# PROBLEM TO WORK ON
From the listing below, output the lines between the one with "党委副书记潘刚峰老师、学工办" and the one with "Скрап ассортимент на", including those two, and nothing else. Pictures are not copied.
Start of Block
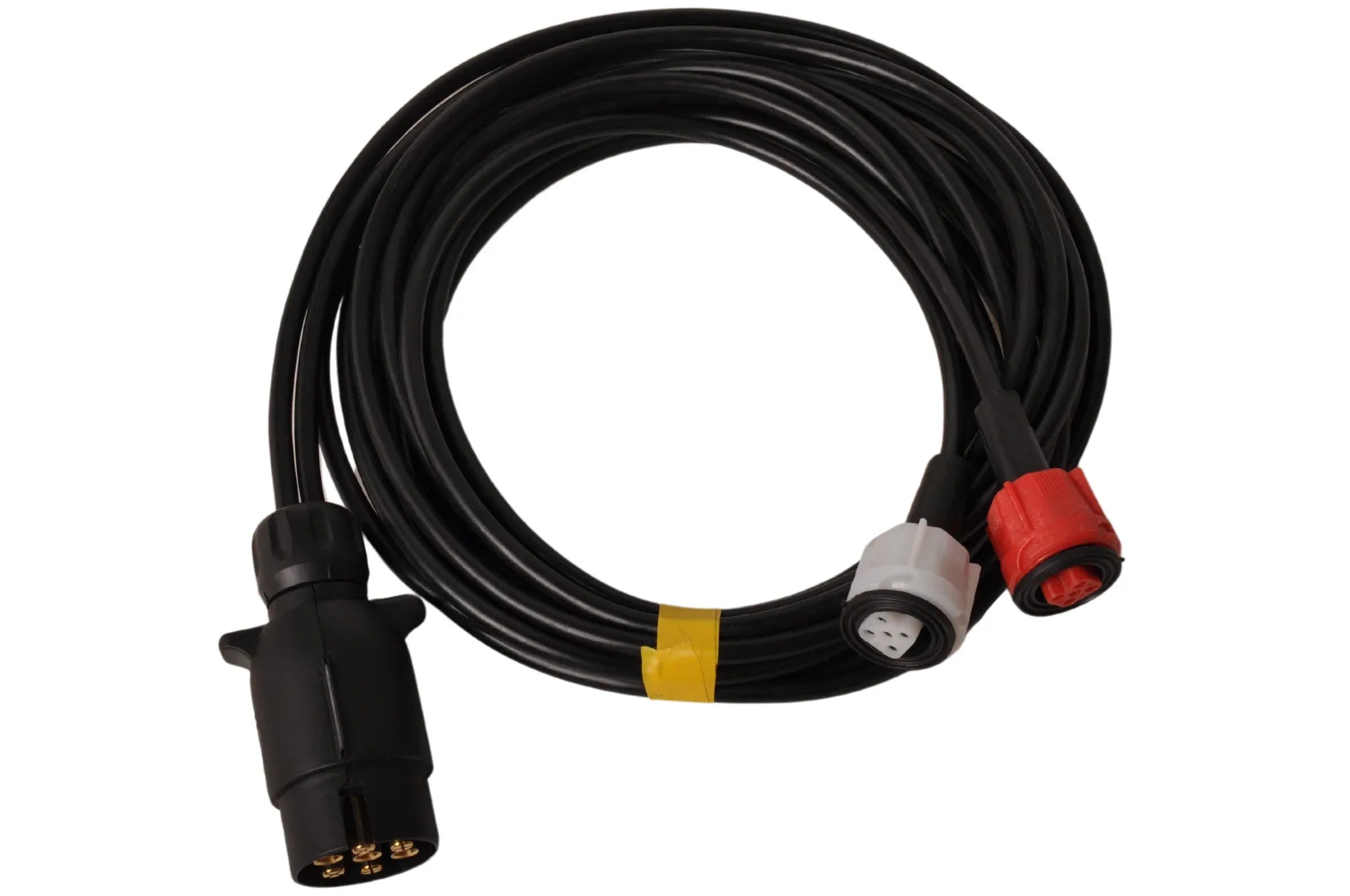 Dieses fünf Meter lange Anhängerkabel von Radex besteht aus zwei 5 Meter langen Kabeln, an die die 5-poligen Stecker angeschlossen sind. Der Stecker ist 7-polig.
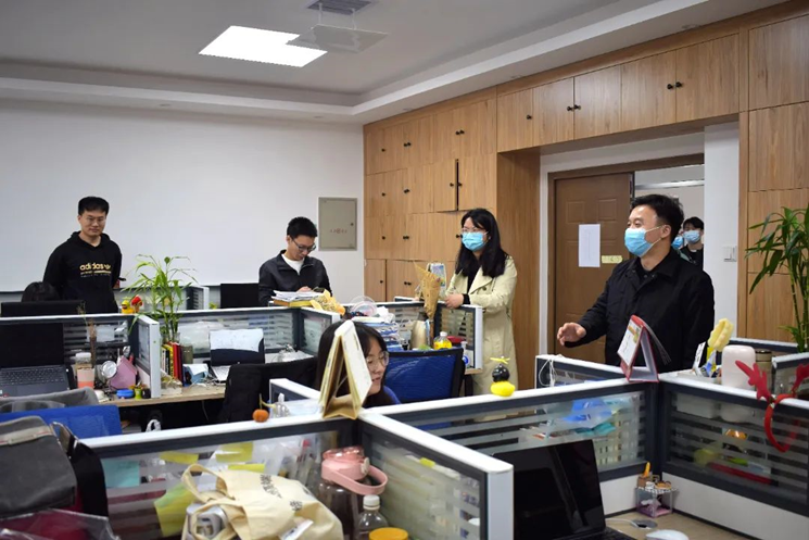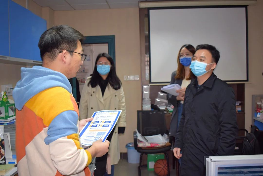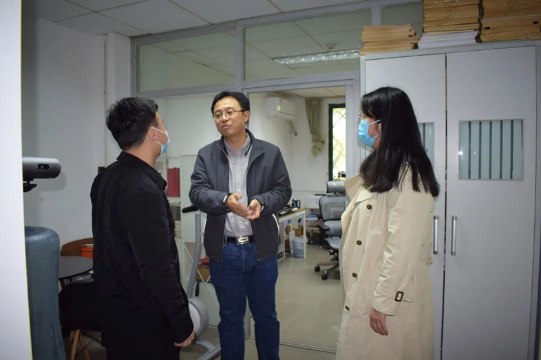 党委副书记潘刚峰老师、学工办主任兼研究生辅导员刘卓老师、研究生辅导员徐晓宇老师、研究生辅导员蒋晓洁老师及研究生会学生干部走访学院部分实验室。
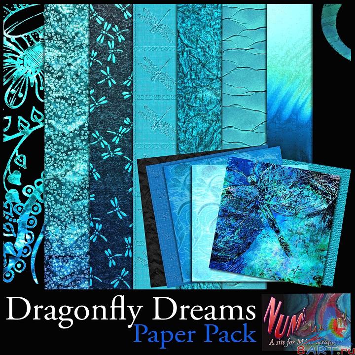 Скрап ассортимент на бирюзовом цвете, со стрекозами
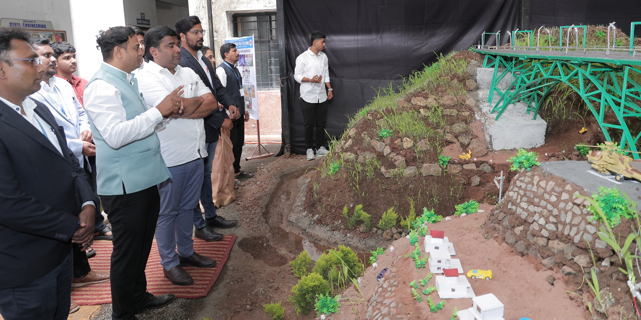 On the occasion of Engineers’ Day on 15/09/2025, the Civil Engineering Department organized a special program to pay tribute to Sir M. Visvesvaraya, the legendary Civil Engineer and Bharat Ratna awardee. As part of the celebration, our students showcased their talent and creativity by preparing a working model of the Chenab Railway Bridge, the world’s highest railway bridge, located in Jammu & Kashmir. The model highlighted the structural features, design techniques, and construction challenges of this engineering marvel. The bridge, which stands taller than the Eiffel Tower, represents the excellence of Indian engineering in modern infrastructure development. The event was inaugurated by the Hon. Shri. Vijayshingh Mane, President of the Sanshta, who appreciated the efforts of the students and faculty for bringing such innovative and practical learning experiences. He also encouraged students to follow the ideals of Sir M. Visvesvaraya and contribute towards nation-building through engineering excellence. The celebration not only paid tribute to great engineers but also inspired students to develop creativity, problem-solving skills, and technical knowledge for the future. The celebration concluded with the message that engineers play a crucial role in nation-building, and young civil engineers must continue to contribute to society through sustainable and innovative practices.
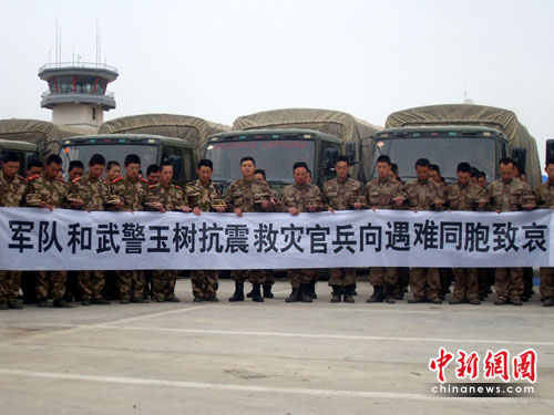 中新網(wǎng)4月21日電(劉洪星)今日,玉樹災(zāi)區(qū)巴塘機(jī)場(chǎng)武警青海總隊(duì)第四支隊(duì)全體官兵、全體解放軍部隊(duì)、醫(yī)療單位、機(jī)場(chǎng)工作人員以及其他救援人員在候機(jī)樓前停車場(chǎng)舉行三分鐘默哀活動(dòng),現(xiàn)場(chǎng)降半旗,所有人員駐足默哀、所有車輛鳴笛、防空警報(bào)響起。同時(shí)玉樹州所有救援部隊(duì)、救援單位、各級(jí)人員同期舉行為地震死難人員默哀活動(dòng)。
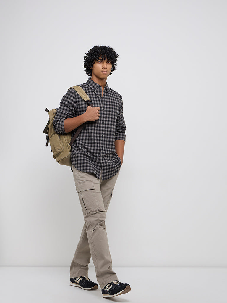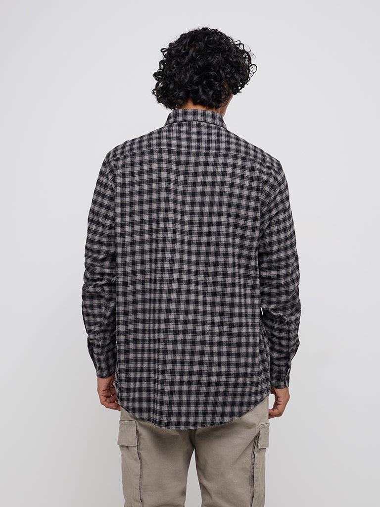 WES Casuals Black Checkered Relaxed-Fit Cotton-Blend Shirt
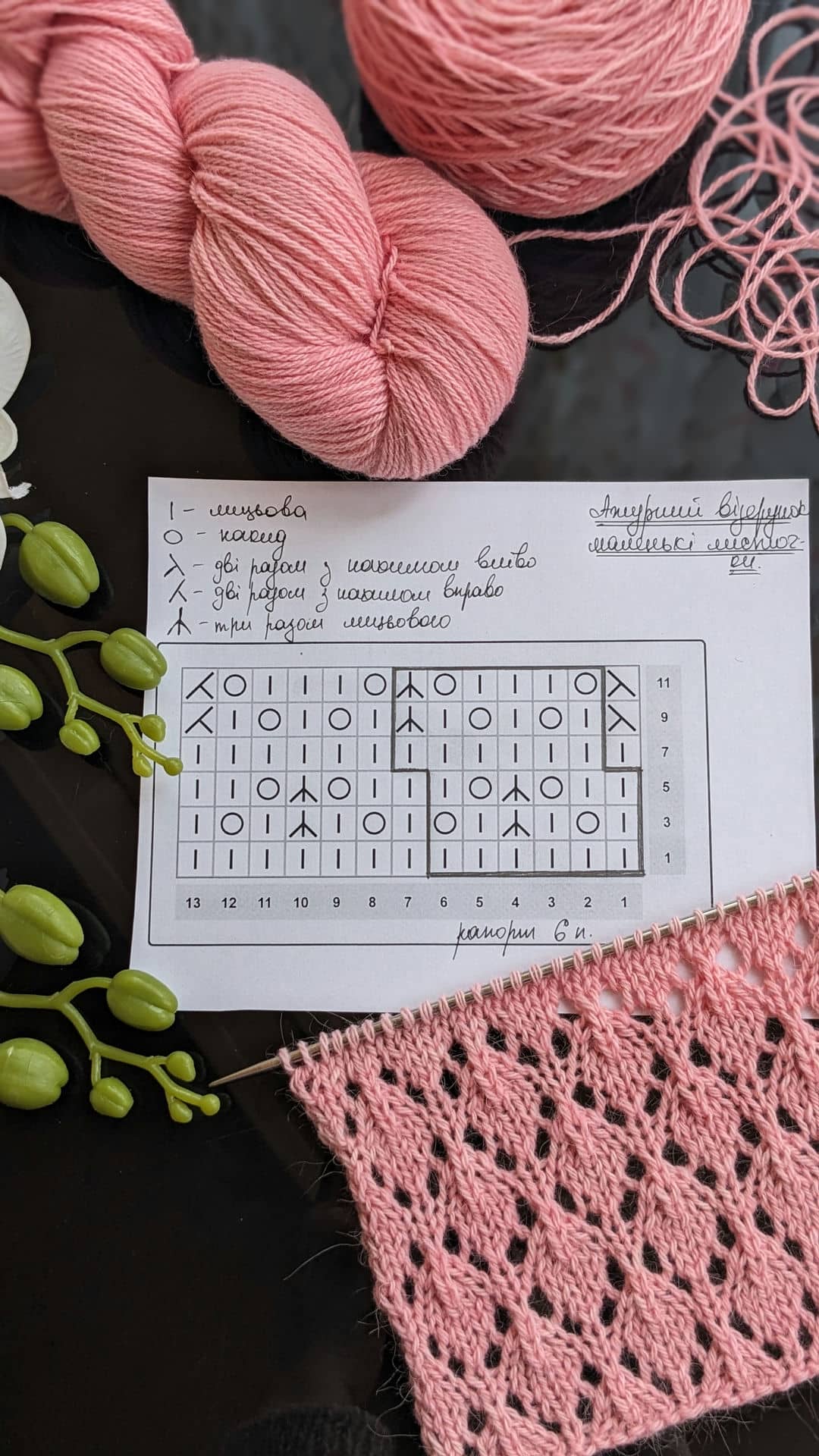 Рапорт 6 петель. При в’язанні зворотніми рядами додаємо 1 петлю для симетрії та 2 петлі крайові. Схему додала нижче в галерею.
End of Block
# RESPONSE TO THIS TASK
 党委副书记潘刚峰老师、学工办主任兼研究生辅导员刘卓老师、研究生辅导员徐晓宇老师、研究生辅导员蒋晓洁老师及研究生会学生干部走访学院部分实验室。
 Скрап ассортимент на бирюзовом цвете, со стрекозами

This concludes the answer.